Images don't belong in the copy. Output the rest of the data exactly.

─── Data excerpt ───

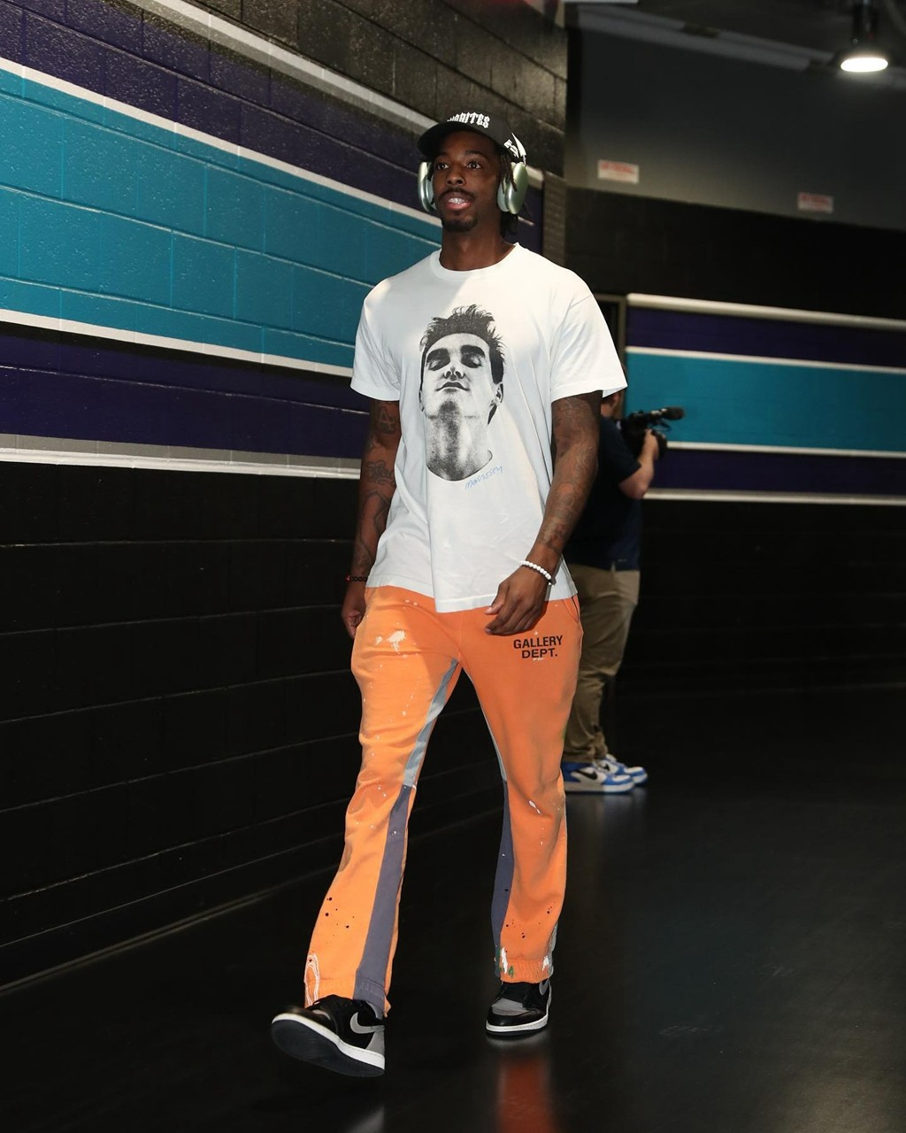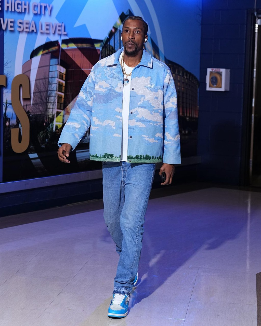 刚刚加盟掘金的「前湖人冠军射手」波普,在季前赛前上脚一双经典的 OFF-WHITE x Air Jordan 1 “UNC”。
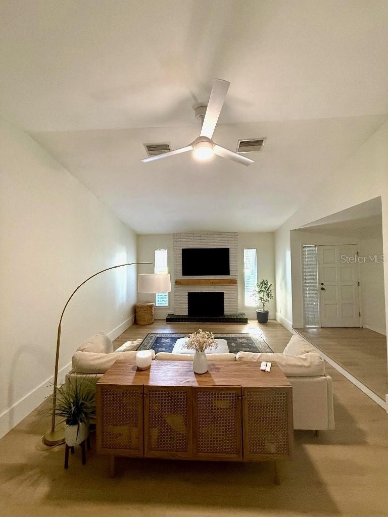 Inside, you’ll find a bright, open layout that’s perfect for both everyday living and entertaining. The newly remodeled kitchen features sleek finishes, generous counter space, and an inviting eat-in island that flows seamlessly into the main living areas. Brand-new flooring throughout ties the space together with a fresh, modern look.
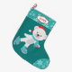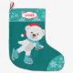 En ynklig vit polar-björn har roligtens is på framsidan av denna söta julstrumpa. Han har en röd strumpor och en blå halsduk. Bilden placeras på tealbakgrunden, och en teal och vit snöflinga mönster gräns ligger överst och tå. Ditt barns namn är på en röd, invändig vit banderoll på den översta snöflaken mönster gräns. Lagerhållningens baksida är samma teal och vit snöflinga mönster.
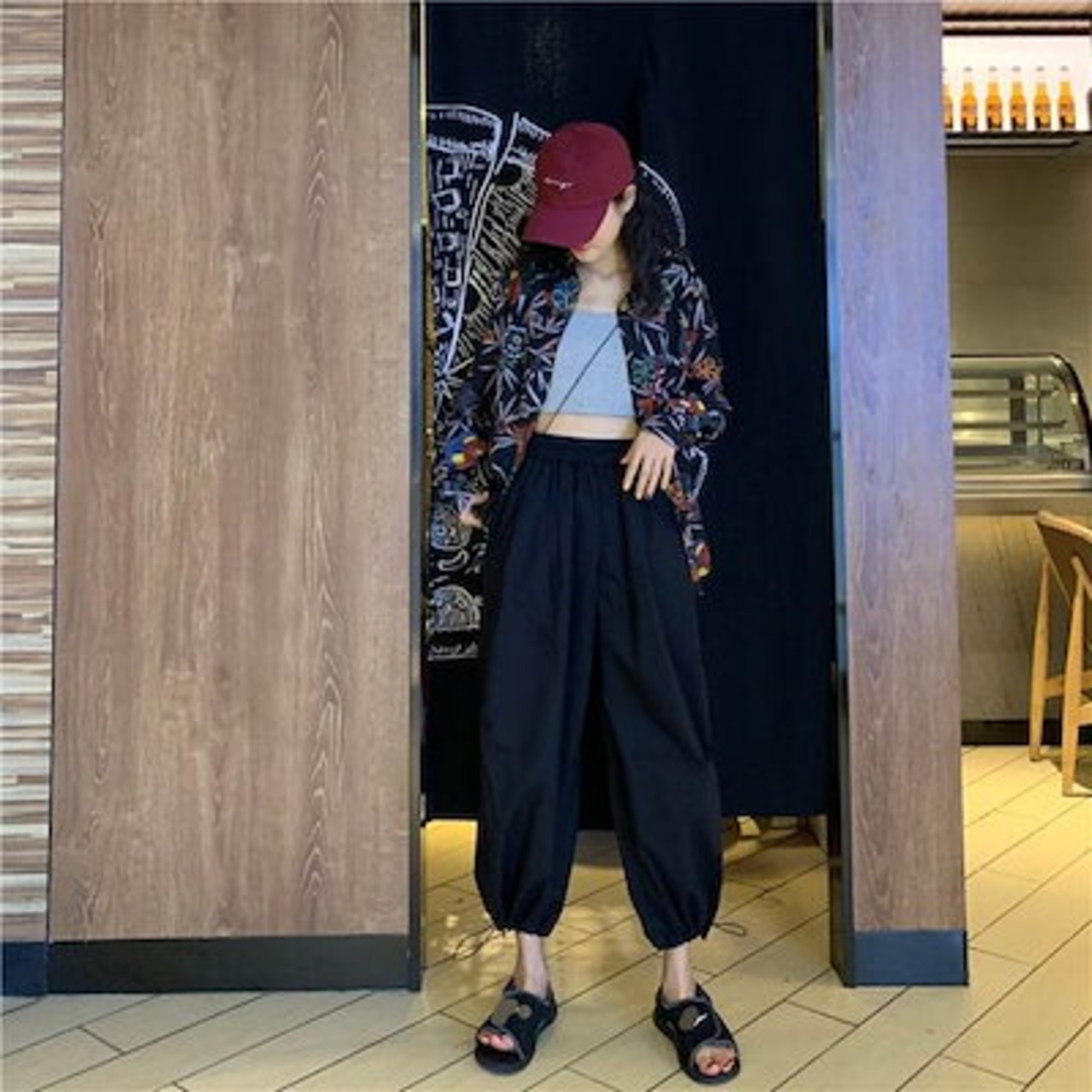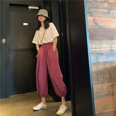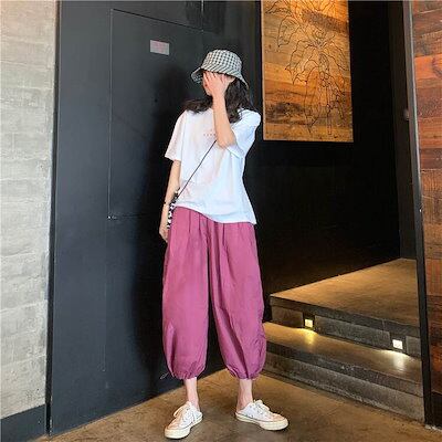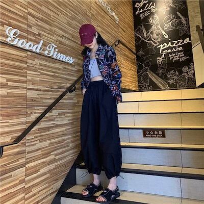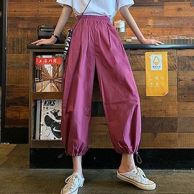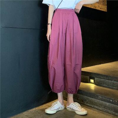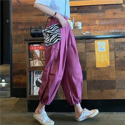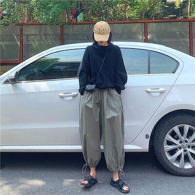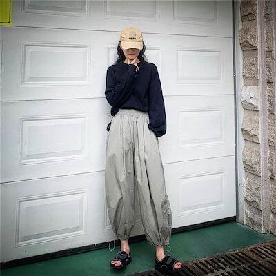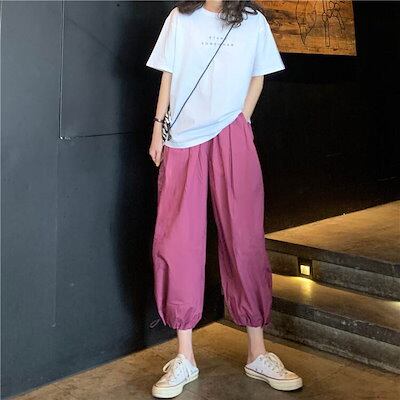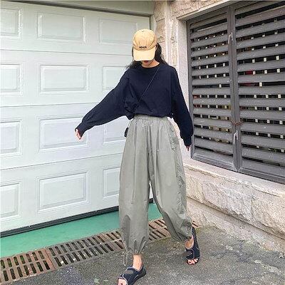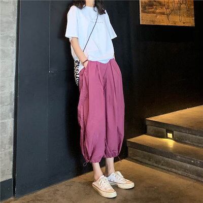 3色 パンツ レディース ワイドパンツ クロップドパンツ アンクル丈 7分丈 裾ゴム 裾絞り コードストッパー コードロック ギャザー おしゃれ かわいい ボーイッシュ ジェンダーレス ストリート ス

───

Task answer
 刚刚加盟掘金的「前湖人冠军射手」波普,在季前赛前上脚一双经典的 OFF-WHITE x Air Jordan 1 “UNC”。
 Inside, you’ll find a bright, open layout that’s perfect for both everyday living and entertaining. The newly remodeled kitchen features sleek finishes, generous counter space, and an inviting eat-in island that flows seamlessly into the main living areas. Brand-new flooring throughout ties the space together with a fresh, modern look.
 En ynklig vit polar-björn har roligtens is på framsidan av denna söta julstrumpa. Han har en röd strumpor och en blå halsduk. Bilden placeras på tealbakgrunden, och en teal och vit snöflinga mönster gräns ligger överst och tå. Ditt barns namn är på en röd, invändig vit banderoll på den översta snöflaken mönster gräns. Lagerhållningens baksida är samma teal och vit snöflinga mönster.
 3色 パンツ レディース ワイドパンツ クロップドパンツ アンクル丈 7分丈 裾ゴム 裾絞り コードストッパー コードロック ギャザー おしゃれ かわいい ボーイッシュ ジェンダーレス ストリート ス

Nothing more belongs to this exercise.